The charge port is in the head, with a press in cover.
It’s an unusual cover, because it fits into the charge port. It’s quite secure.
I tested with just the cable included, and not USB-C to USB-C. I don’t have a working tester for that setup now anyway (nor does it seem to be the way Nitecore intended to be charged). Charging is at around 1.3A, which is respectable, and takes around 4 hours to fully charge. You’ll note at the start of the charge, the current is low, around 0.2A. I imagine this to be a soft start on a depleted cell.

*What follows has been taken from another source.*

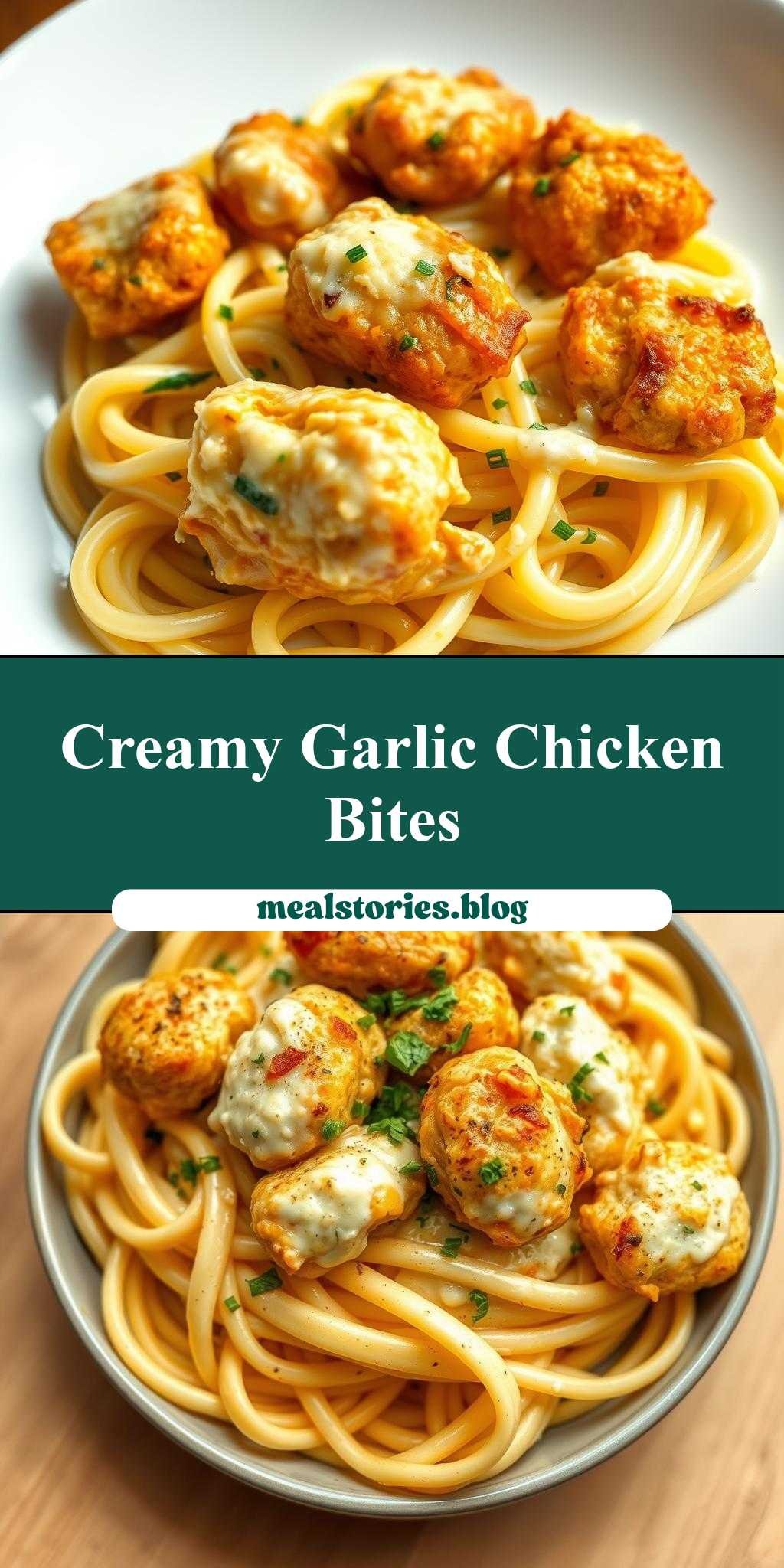 A creamy parmesan pasta dish paired with garlic butter chicken bites, perfect for comfort food lovers and those seeking a gourmet twist on everyday ingredients.

So Nitecore’s charge circuit seems to take into account how depleted a cell is.
Modes and Currents
|Mode||Mode Claimed Output (lm)||Claimed Runtime||Measured Lumens||Tailcap Amps|
The light exhibits PWM on the lower three modes, but I didn’t notice it during use.
For reference, here’s a baseline shot, with all the room lights off and almost nothing hitting the sensor. And here’s the worst PWM light I have ever owned. Also one of the very first lights I ordered directly from China!
User Interface and Operation
There are two switches on the TM9K. The Power button is the big proud mechanical switch. The mode button is a paddle (ish) switch that doesn’t rise over the edge of the tailcap at all.
Here’s a UI table!
|Off||Click Power Switch (PS)||On (last used mode)|
|Off||Half press PS||Momentary (last used mode)|
|On||Click Mode Switch (MS)||Mode advance (Ultralow>L>M>H)|
|Any||Hold MS||Turbo Ready Turbo|
|Any||Double click MS||Strobe|
|Strobe||Click MS||Previous Mode|
|Off||Click PS while holding MS||Lockout (with battery level indication)|
|Lockout||Triple click MS||Unlock|
LED and Beam
The TM9K has 9 Cree XP-L HD emitters, and is basically a mule. Each of those has a tiny reflector, but really, this is a mule. Up close, the beam shape can be seen, but past about 3 feet it just becomes entirely flood.
Not that it’s bad. Mules are great, and have good uses. I don’t think it’s stated anywhere, but these lean toward the CW temperature.
These beamshots are always with the following settings: f8, ISO100, 0.3s shutter, and manual 5000K exposure.
Tint vs BLF-348 (Killzone 219b version)
Test light is on the left.
I compare everything to the Killzone 219b BLF-348, because it’s inexpensive and has the best tint!
Random Comparisons and Competitive Options….
Here’s a link to a relevantly filtered page on parametrek.com. I use that site a lot!
What I like
- Solid little chunk of a light
- Incredible (brief) output
- Able to USB-C charge (properly)
- 1.3A charging from regular USB isn’t bad at all anyway
What I don’t like
- Integrated cell, and not user replaceable
- No good lanyard attachment point
- This light was provided by Nitecore for review. I was not paid to write this review.